M.S. 343 lies in the Bronx’s impoverished 7th District. Last year, only 10 percent of Gassetto’s students had seen a Broadway show. Thanks to a program within the school, that number has now reached 90 percent. After his time on stage, Gassetto spoke with us about the next step.

“If we are really serious about reaching out to kids in these communities, I think the marketing piece needs to be there, in the South Bronx, where you never see a Broadway billboard,” he said. “Lowering the ticket prices has to be there too.

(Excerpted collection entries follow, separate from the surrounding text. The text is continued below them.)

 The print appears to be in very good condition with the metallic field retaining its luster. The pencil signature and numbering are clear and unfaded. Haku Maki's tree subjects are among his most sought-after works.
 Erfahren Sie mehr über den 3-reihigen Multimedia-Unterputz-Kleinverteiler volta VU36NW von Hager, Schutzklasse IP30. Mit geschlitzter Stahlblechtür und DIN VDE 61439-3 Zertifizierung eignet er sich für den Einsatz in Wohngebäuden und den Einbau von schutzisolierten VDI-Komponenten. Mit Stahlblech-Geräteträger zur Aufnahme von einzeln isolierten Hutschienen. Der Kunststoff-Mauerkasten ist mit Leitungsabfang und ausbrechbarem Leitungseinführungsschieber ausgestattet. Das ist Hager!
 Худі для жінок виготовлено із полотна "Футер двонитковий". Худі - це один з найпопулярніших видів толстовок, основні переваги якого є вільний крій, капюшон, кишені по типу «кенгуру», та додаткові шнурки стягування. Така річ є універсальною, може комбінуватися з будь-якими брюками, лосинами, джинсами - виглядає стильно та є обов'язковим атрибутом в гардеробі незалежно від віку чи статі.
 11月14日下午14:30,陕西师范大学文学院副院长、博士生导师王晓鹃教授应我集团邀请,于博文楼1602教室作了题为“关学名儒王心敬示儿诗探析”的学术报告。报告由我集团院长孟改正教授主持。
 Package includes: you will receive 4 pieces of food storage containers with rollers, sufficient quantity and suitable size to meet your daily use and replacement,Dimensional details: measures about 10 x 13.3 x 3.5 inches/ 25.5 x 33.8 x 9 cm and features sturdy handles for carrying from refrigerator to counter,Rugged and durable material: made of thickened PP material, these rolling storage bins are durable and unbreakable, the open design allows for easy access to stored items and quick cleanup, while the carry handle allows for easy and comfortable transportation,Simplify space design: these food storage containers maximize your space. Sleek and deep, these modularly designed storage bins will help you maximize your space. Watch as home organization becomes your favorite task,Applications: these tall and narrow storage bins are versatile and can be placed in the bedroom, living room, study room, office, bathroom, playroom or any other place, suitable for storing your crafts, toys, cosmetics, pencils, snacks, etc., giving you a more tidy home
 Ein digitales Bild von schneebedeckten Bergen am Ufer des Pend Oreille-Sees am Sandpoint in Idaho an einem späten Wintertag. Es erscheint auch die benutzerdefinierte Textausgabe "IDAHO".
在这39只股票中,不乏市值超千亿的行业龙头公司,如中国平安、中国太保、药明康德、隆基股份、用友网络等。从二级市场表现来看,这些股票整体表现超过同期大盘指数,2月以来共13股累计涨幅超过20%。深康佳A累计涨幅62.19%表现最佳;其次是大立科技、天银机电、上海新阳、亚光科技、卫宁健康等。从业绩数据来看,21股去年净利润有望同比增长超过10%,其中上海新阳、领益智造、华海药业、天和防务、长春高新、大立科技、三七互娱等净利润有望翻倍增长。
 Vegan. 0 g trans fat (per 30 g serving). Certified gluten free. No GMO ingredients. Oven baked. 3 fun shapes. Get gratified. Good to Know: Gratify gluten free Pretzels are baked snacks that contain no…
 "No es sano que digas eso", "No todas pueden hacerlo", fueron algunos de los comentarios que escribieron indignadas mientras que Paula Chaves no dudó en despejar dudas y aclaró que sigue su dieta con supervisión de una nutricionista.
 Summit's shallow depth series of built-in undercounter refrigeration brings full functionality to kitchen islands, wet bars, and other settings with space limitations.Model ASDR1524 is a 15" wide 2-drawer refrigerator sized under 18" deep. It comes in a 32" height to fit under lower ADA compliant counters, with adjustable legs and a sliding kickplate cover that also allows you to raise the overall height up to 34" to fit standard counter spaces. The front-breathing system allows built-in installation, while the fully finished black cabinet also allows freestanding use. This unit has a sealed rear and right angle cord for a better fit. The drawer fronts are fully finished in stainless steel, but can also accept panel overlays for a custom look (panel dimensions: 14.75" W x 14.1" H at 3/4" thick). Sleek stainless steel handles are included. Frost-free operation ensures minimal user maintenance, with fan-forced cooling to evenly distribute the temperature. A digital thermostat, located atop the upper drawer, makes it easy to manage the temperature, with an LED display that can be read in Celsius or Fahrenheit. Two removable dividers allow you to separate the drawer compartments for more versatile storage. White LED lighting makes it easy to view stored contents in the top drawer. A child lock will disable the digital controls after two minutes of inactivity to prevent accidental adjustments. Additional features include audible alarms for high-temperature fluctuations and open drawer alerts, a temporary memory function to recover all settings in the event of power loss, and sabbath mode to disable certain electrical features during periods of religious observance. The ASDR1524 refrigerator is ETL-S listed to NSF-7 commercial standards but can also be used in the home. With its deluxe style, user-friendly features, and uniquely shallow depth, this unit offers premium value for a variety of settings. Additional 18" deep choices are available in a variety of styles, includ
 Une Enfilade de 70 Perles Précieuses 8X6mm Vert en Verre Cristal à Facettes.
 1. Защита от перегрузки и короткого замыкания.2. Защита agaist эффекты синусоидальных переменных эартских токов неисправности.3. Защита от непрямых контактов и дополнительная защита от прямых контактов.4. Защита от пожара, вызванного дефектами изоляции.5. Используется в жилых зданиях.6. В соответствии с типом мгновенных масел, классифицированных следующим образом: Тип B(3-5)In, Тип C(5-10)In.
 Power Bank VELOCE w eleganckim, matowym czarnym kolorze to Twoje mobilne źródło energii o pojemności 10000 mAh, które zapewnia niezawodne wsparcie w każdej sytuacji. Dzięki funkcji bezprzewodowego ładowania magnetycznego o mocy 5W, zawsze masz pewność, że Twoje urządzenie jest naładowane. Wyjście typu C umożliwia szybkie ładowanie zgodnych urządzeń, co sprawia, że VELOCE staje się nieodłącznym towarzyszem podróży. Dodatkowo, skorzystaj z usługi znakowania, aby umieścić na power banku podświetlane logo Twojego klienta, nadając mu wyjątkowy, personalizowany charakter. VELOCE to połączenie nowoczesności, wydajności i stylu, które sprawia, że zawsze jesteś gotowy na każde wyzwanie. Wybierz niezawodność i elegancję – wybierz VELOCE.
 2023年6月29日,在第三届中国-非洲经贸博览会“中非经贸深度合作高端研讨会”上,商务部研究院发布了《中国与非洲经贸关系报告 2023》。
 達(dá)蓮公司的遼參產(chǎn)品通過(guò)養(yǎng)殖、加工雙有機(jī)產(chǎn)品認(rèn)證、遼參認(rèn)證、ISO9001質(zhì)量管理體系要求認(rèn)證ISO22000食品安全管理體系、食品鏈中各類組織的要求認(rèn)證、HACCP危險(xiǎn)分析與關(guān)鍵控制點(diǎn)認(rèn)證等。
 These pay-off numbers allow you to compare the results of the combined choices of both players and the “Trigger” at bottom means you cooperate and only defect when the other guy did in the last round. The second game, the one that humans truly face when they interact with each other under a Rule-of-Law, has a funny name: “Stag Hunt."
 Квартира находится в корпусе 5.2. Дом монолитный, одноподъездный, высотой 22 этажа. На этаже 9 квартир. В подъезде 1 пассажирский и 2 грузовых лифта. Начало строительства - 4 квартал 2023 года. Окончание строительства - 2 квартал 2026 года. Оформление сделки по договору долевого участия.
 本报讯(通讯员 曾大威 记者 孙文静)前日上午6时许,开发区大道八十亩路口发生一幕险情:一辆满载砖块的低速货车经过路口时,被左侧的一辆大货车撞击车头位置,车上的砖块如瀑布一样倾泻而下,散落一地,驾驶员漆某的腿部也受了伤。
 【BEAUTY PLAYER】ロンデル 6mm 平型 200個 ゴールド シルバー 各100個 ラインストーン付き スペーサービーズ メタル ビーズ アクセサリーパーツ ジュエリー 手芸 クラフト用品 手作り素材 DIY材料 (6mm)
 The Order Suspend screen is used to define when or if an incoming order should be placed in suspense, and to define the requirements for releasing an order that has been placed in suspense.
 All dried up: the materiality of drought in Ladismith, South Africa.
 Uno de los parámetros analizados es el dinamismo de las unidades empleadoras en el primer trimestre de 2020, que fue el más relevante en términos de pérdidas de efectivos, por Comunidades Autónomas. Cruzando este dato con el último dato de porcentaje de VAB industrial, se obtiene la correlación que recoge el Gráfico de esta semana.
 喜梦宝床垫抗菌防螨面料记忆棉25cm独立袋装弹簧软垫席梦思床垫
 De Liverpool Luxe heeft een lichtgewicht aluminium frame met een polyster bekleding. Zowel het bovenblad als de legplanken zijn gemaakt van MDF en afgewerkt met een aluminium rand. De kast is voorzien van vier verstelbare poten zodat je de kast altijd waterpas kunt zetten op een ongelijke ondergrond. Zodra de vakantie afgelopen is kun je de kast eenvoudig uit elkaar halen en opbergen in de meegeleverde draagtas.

A lot of things have to change for Broadway to open up, not just to the South Bronx, but all of these different areas around the city.”

Gassetto quoted one of his students, a middle-schooler who said he thought Broadway was “for rich people” and “other people,” not for him. The principal sought to change that.

“Instead of, ‘I see these billboards when I’m in Times Square to see a movie, but I never thought that was for me, or possible,’ when they finally see [a Broadway show] and enjoy it, they understand that it could be for them — which is also the frustrating part because they can’t really afford it,” he said.

In addition to opening Broadway to more people, presenters spoke about opening Broadway to new ideas, shifting it away from its comfort zone.

Terry Teachout, who made his debut as a playwright in 2012 with a one-man-show about Louis Armstrong, cited what he called the “one terrible fact of Broadway,” that 75 percent of all Broadway shows fail financially. Using examples of groundbreaking shows that succeeded, and “safe” shows that did not make bank, Teachout urged producers to consider work that has never been done before.

“Don’t start settling for safe,” Teachout said. “Gamble on great. If you’re not going to make money anyway, make something beautiful, something that makes you proud. Who knows, you may even get rich.”

Playwright Kristoffer Diaz agreed, specifically arguing for more work by, about, and featuring women, people of color, and the GLBT community. “It’s much harder to dismiss someone if you’ve spent a couple of hours investing in their story,” he said. “[Shows] also need to be funnier, in general. We’re living in a post-Book of Mormon society.”

The majority of presenters at the conference acknowledged that Broadway would be at its “best” with lower ticket prices, and that high ticket prices are by far the largest barrier to access. But while the question of “what” the best Broadway could be lent itself easily to a discussion of the industry’s problems, the question of “how,” exactly, to address the problems was left unanswered. But, at least we’re talking about it. That’s a start.